Johnny Hackenbruck
- Hackenbruck, 1938

No. 25
- Position: Tackle

Personal information
- Born: October 20, 1915 The Dalles, Oregon, U.S.
- Died: October 26, 1988 (aged 73) Corvallis, Oregon, U.S.
- Listed height: 6 ft 2 in (1.88 m)
- Listed weight: 215 lb (98 kg)

Career information
- High school: The Dalles
- College: Oregon State
- NFL draft: 1940: 17th round, 156th overall pick

Career history
- Detroit Lions (1940);

Career NFL statistics
- Games played: 7
- Games started: 2
- Stats at Pro Football Reference

= Johnny Hackenbruck =

American football player (1915–1988)

John Anthony Hackenbruck (October 20, 1915 – October 26, 1988) was an American professional football player.

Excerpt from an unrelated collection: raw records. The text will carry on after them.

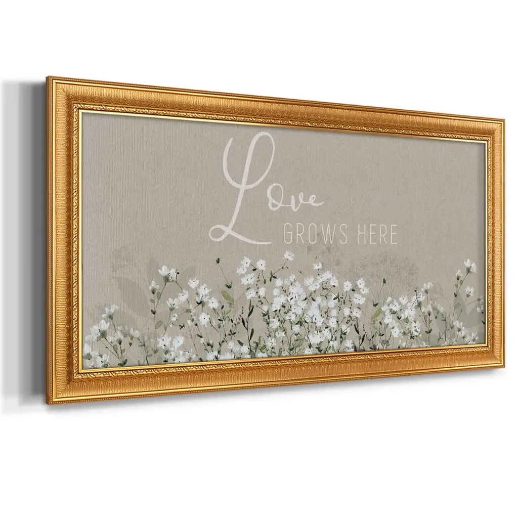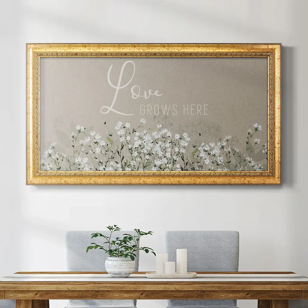 Bouquet of Love Premium Framed Canvas- Ready to Hang A Premium Framed Canvas created to last. Framed in distressed wood and available in an array of sizes and colors Featuring a beveled a solid wood stretcher bar, each piece comes ready to hand 3 SIZES AVAILABLE 21''X37'' - Overall Size 25''X45'' - Overall Size 29''x53'' - Overall Size Each piece is made to order. Each piece comes with hanging hardware. Made in the USA Ready to Hang Giclee Paper Print Acrylic Glass Beveled Matt Board
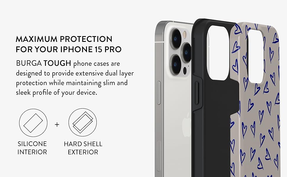 The BURGA iPhone 15 Pro case combines a dual-layer hybrid design of shock-absorbing TPU silicone and a military-grade hard shell for superior protection. Featuring a 2mm raised bezel to safeguard your screen, it offers a slim, non-slip grip and wireless charging compatibility. Its exclusive, scratch-resistant HD prints ensure your phone stays stylish and fresh, making it the ultimate accessory for professionals who demand both durability and aesthetic flair.
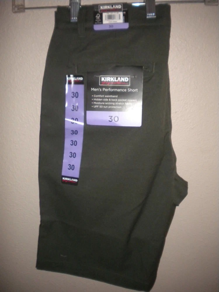 New with tags. Kirkland Signature Men's Size 30 Dark Green Comfort Waistband Performance Shorts NWT. Comfort Waistband. HIdden side and back pocket zippers. Moisture Wicking. Stretch Fabric. UPF 50 Sun Protection. Zipper with a snap. 100% Polyester. Front rise about 11 1/2". Inseam about 9 1/2". Weighs about 11oz. Buy with Confidence I have over 25,000+ Positive Feedbacks. Measurements are approximate and can vary depending on where they start and end. I cannot guarantee fit but I try and give as much information as possible to help you make a great Purchase. Shipping is based upon weight (which I provide in all listings) and the Shipping Option you choose, 4 options are available. The shipping offered is my Discounted Rate passed onto you the Buyer. Shipping daily. Please understand that I do my best to describe color. I can't guarantee that my Color will be your exact Color since Monitors and Opinions Vary. Offers are considered on certain items, use the "Best Offer" button. Sorry, I DO NOT ACCEPT RETURNS, feel free to ask questions. Each month I select a Charity to Donate to for many of my listings. I try to use recycled Shipping Materials whenever possible. Your Business is appreciated and if you like what you see, browse my Store to find more items you will love. Add me to your Favorites as New items are added Daily. Thank you! 4l
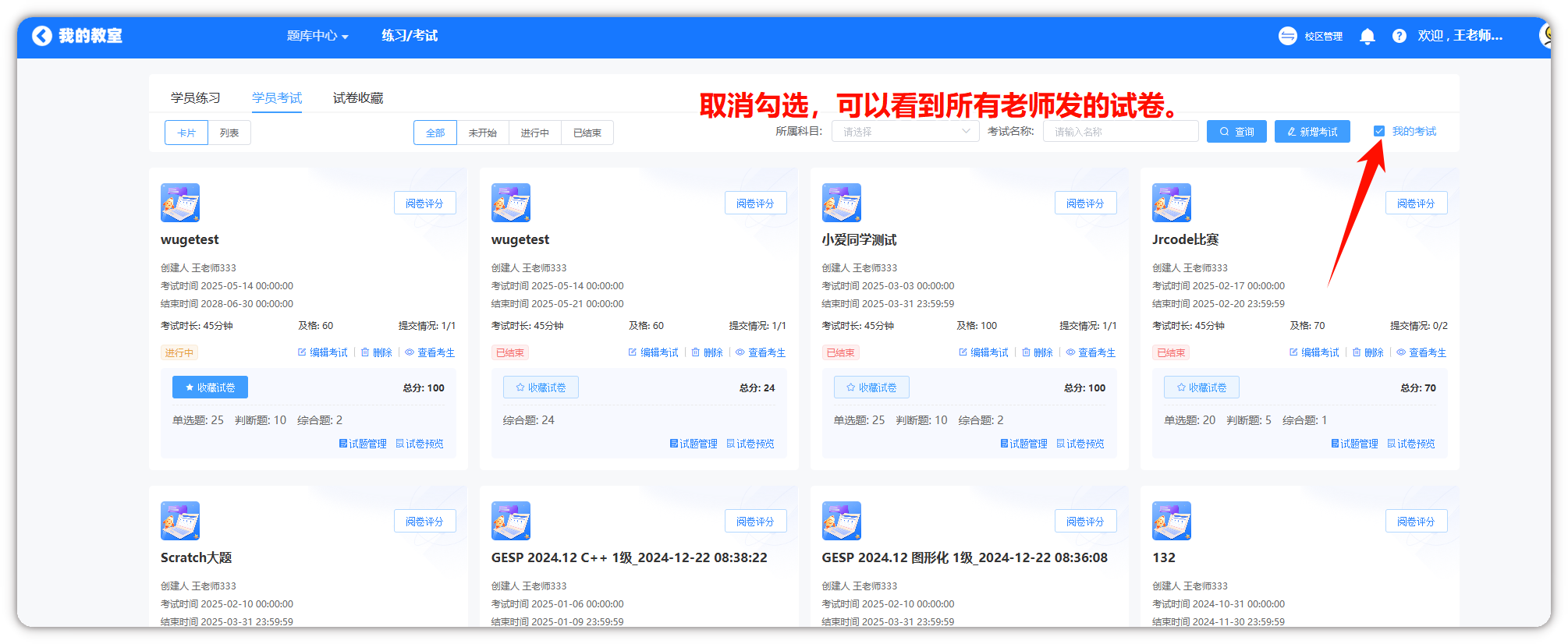 Q2-试卷让其他老师使用,应该怎么操作?
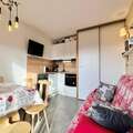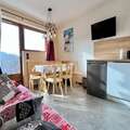 In the serene embrace of the French Alps, this charming apartment in the Les Balcons du Charvin residence offers a perfect retreat for mountain enthusiasts. Situated in the picturesque village of Notre Dame de Bellecombe, the property combines modern comfort with the timeless allure of alpine living. Whether you're visiting in winter or summer, this location promises unforgettable moments surrounded by breathtaking landscapes and authentic Savoyard charm. \n\nThis cozy 27m² ground-floor apartment, renovated in 2022, is designed to accommodate up to four guests. Its modern mountain-style decor creates a warm and inviting atmosphere. The living room features a 104cm flat-screen TV with BOSE speakers, perfect for relaxing after a day of adventure. The open-plan kitchen is equipped with two induction hobs, a combination microwave oven, and a refrigerator, making meal preparation a breeze. The sleeping arrangements include a double bed in the bedroom, bunk beds in a sleeping alcove, and a sofa in the living room. The southwest-facing terrace offers stunning views of the forest and surrounding mountains, while the outdoor space provides a safe area for children to play. Additional amenities include a ski locker and unreserved outdoor parking. \n\nLocated just 600 meters from the Espace Diamant ski area and ski school, the apartment is ideal for winter sports lovers. A ski shuttle stops only 100 meters away, ensuring easy access to 192 km of slopes connecting six charming alpine villages. In summer, the residence is a gateway to hiking trails, mountain biking circuits, and the Mont Rond chairlift, which offers panoramic views of Mont Blanc. The nearby Flumet lake, just 4 km away, is perfect for swimming and family fun. The village center, with its shops, restaurants, and entertainment, is only 400 meters from the property, making it easy to enjoy the local culture and cuisine. \n\nWhether you're seeking thrilling outdoor adventures or peaceful relaxation, this apartment provides the perfect base for exploring the beauty and charm of the French Alps. With its convenient location, modern amenities, and stunning surroundings, it’s an ideal choice for families and couples alike.
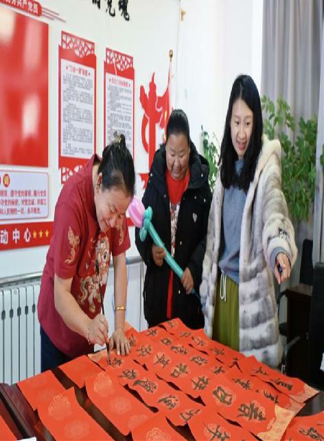 书写台与剪纸区的红纸、笔墨、剪刀等材料摆放整齐,窗边装点着气球与喜庆的饰物,处处洋溢着浓浓的年味与融融的暖意。
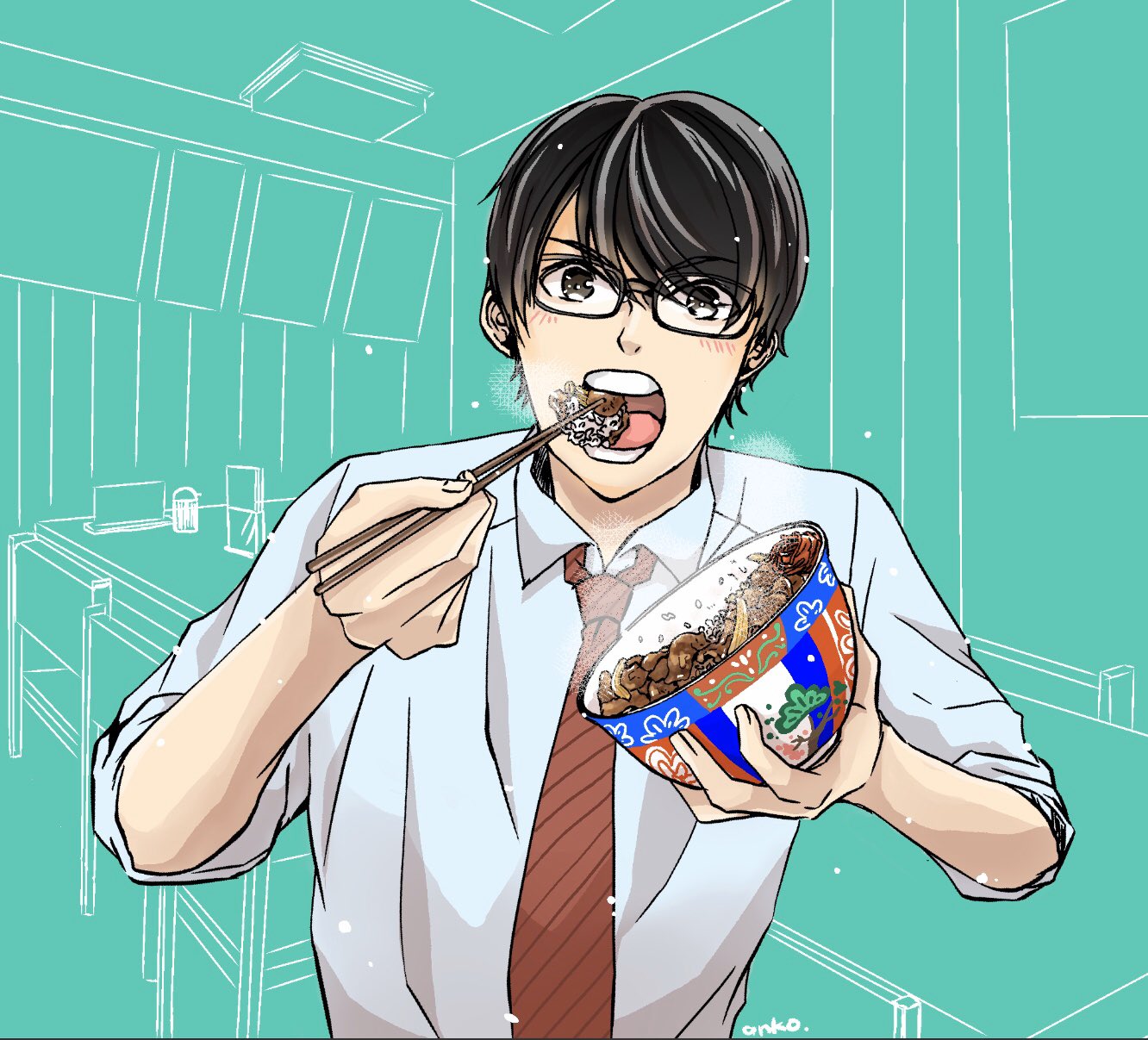 藤井あん子 創作イラスト モグモグ男子 3 牛丼 いつも素敵なコメントを下さる七海さん 7miayami からのリクエストで 牛丼にしてみました 今回はメガネ モグモグ男子です 気持ち良く食べるイケメンは誰だって恋に落ちてしまいそう
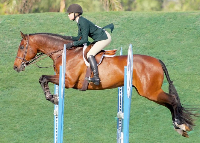 一般來(lái)講,我不喜歡在馬匹跳躍的時(shí)候采用此騎坐方式,或者將它作為默認(rèn)的騎坐方式。通常一節(jié)馬術(shù)課需要在半騎坐或者輕騎坐過(guò)程中來(lái)完成,這樣馬匹可以更自由的向前,同時(shí)騎手的參與度可以減到最少。當(dāng)然,也有一些馬,例如對(duì)你的腿的扶助反應(yīng)較遲鈍的馬或者較冷血的馬(不是純血馬),需要更多的扶助,這個(gè)過(guò)程中就需要坐的更深。
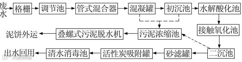 该处理工艺主要由预处理单元、混凝沉淀单元、生物处理单元、深度处理单元、污泥处理单元组成。
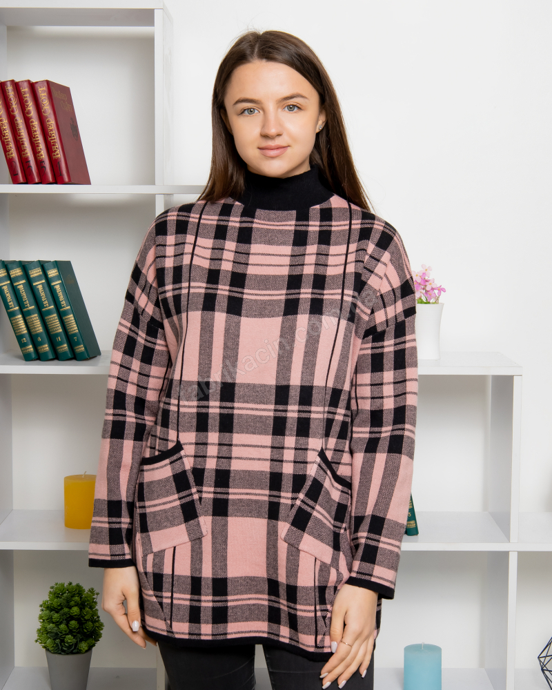 Светр клітка кишеня приспущений рукав 50:52; 52-54 колір: пудровий
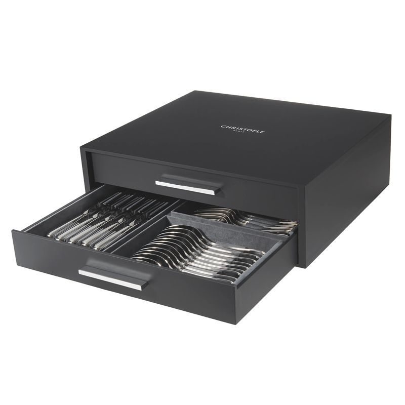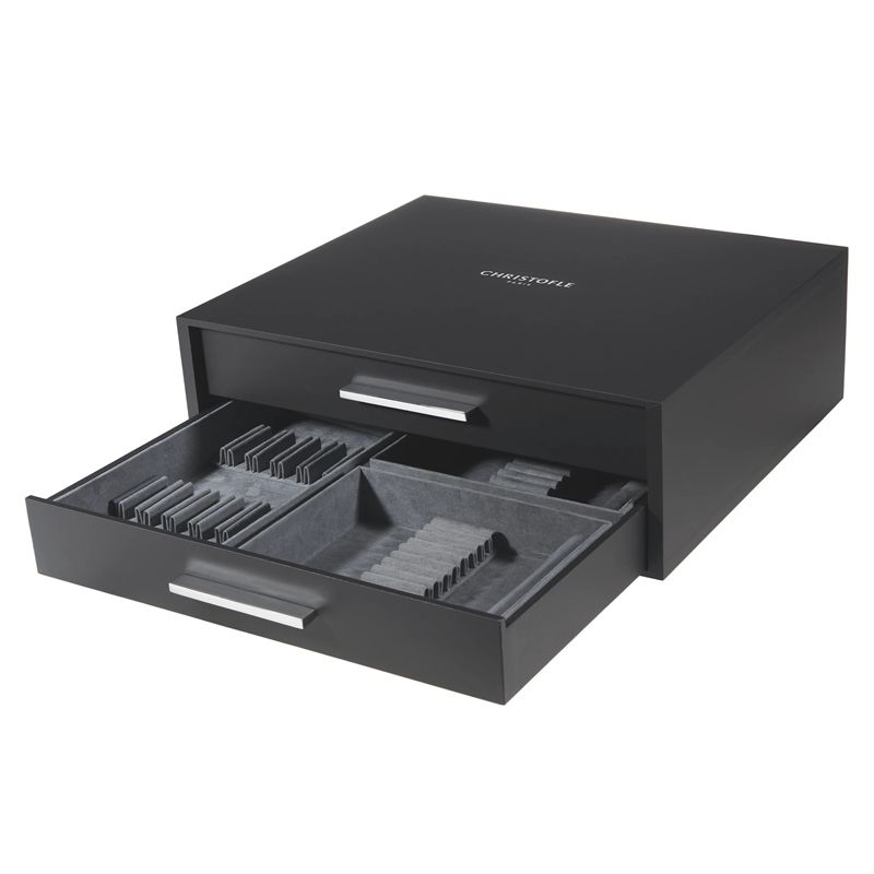 This storage chest has 2 drawers with modules included . You can store a 75-piece Christofle cutlery set in it. It can contain a maximum of 84 individual pieces (with easels) or 72 individual pieces (with easels) + a module for serving pieces (without easel) .

A native of The Dalles, Oregon, Thomas attended The Dalles High School and then played college football as a tackle for Oregon State from 1936 to 1939. He was selected as a captain on the 1939 team.

In December 1939, he was selected by the Detroit Lions with the 156th pick in the 1940 NFL draft. He signed with the Lions in April 1940. He appeared in seven games for the Lions as a tackle during the 1940 season.